== Directions for this task ==
For the string "design", search the entries below and copy every line where it appears.

== Supplied material ==
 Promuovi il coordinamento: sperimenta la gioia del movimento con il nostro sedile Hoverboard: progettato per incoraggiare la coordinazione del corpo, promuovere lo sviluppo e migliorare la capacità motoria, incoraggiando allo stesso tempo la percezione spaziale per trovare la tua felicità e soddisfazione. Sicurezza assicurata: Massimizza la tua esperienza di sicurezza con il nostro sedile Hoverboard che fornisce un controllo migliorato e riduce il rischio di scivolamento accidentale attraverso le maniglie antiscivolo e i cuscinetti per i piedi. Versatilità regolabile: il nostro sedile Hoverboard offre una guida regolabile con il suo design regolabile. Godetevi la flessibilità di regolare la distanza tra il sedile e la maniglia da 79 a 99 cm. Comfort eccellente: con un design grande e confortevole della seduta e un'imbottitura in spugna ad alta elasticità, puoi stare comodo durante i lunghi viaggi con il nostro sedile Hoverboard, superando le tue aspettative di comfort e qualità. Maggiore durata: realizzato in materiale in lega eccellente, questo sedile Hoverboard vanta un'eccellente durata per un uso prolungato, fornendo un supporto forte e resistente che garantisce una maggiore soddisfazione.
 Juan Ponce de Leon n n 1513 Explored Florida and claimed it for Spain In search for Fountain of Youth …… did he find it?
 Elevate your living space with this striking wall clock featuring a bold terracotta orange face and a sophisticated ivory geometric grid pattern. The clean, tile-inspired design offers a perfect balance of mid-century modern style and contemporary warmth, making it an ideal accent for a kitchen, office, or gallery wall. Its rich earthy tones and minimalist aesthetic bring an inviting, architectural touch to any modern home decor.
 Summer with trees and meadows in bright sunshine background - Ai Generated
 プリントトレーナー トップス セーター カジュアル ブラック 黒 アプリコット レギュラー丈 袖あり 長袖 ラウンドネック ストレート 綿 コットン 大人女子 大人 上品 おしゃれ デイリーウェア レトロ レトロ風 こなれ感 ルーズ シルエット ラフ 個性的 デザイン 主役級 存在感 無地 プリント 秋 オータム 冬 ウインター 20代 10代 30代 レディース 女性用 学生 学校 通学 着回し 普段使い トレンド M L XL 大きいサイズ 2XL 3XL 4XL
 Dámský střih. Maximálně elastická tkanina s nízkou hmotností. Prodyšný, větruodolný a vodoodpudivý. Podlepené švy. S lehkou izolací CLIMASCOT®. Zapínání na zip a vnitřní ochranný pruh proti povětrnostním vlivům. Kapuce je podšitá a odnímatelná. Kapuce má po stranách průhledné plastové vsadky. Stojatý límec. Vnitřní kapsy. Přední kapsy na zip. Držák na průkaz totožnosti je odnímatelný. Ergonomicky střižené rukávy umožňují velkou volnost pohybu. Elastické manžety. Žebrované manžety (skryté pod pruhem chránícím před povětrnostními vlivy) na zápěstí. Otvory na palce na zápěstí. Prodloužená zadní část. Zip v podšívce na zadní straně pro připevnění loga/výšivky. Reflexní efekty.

== Task response ==
 Promuovi il coordinamento: sperimenta la gioia del movimento con il nostro sedile Hoverboard: progettato per incoraggiare la coordinazione del corpo, promuovere lo sviluppo e migliorare la capacità motoria, incoraggiando allo stesso tempo la percezione spaziale per trovare la tua felicità e soddisfazione. Sicurezza assicurata: Massimizza la tua esperienza di sicurezza con il nostro sedile Hoverboard che fornisce un controllo migliorato e riduce il rischio di scivolamento accidentale attraverso le maniglie antiscivolo e i cuscinetti per i piedi. Versatilità regolabile: il nostro sedile Hoverboard offre una guida regolabile con il suo design regolabile. Godetevi la flessibilità di regolare la distanza tra il sedile e la maniglia da 79 a 99 cm. Comfort eccellente: con un design grande e confortevole della seduta e un'imbottitura in spugna ad alta elasticità, puoi stare comodo durante i lunghi viaggi con il nostro sedile Hoverboard, superando le tue aspettative di comfort e qualità. Maggiore durata: realizzato in materiale in lega eccellente, questo sedile Hoverboard vanta un'eccellente durata per un uso prolungato, fornendo un supporto forte e resistente che garantisce una maggiore soddisfazione.
 Elevate your living space with this striking wall clock featuring a bold terracotta orange face and a sophisticated ivory geometric grid pattern. The clean, tile-inspired design offers a perfect balance of mid-century modern style and contemporary warmth, making it an ideal accent for a kitchen, office, or gallery wall. Its rich earthy tones and minimalist aesthetic bring an inviting, architectural touch to any modern home decor.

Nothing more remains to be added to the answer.